** LISTED ENTRIES follows **
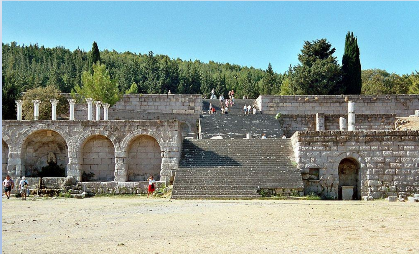
Asklepieion of KOS
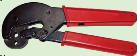
Item No. WTCXC-03634
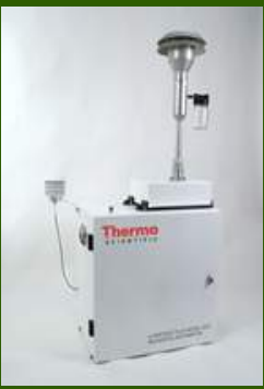
Thermo Partisol 2025-D Sequential Sampler

Thermo Scientific Dichotomous Partisol Plus 2025-D sequential samplers have recently been approved as FEMs for PM 10 , PM 2.5 and PM 10-2.5 mass. Before using your 2025-D sequential dichot sampler for any of these pollutants, make sure that it is and FEM. How do you confirm this? FEM samplers should have an FEM sticker supplied by the ven-
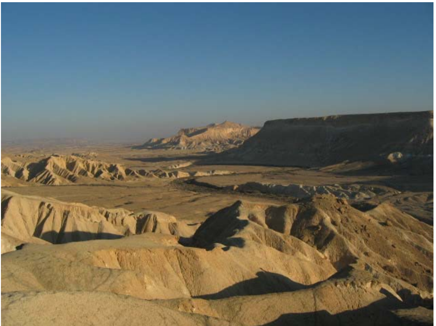
Sand Mountains in the Negev, Israel
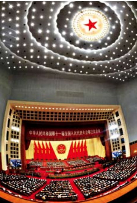
Venue of the 3rd Session of the 11th NPC CFP
** End of LISTED ENTRIES **
### TASK DIRECTIONS
The copy should hold exactly the lines from the line containing "Sand Mountains in the Negev, Israel" through the end of the data, both ends included, and no pictures.

### RESPONSE TO THIS EXERCISE
Sand Mountains in the Negev, Israel
Venue of the 3rd Session of the 11th NPC CFP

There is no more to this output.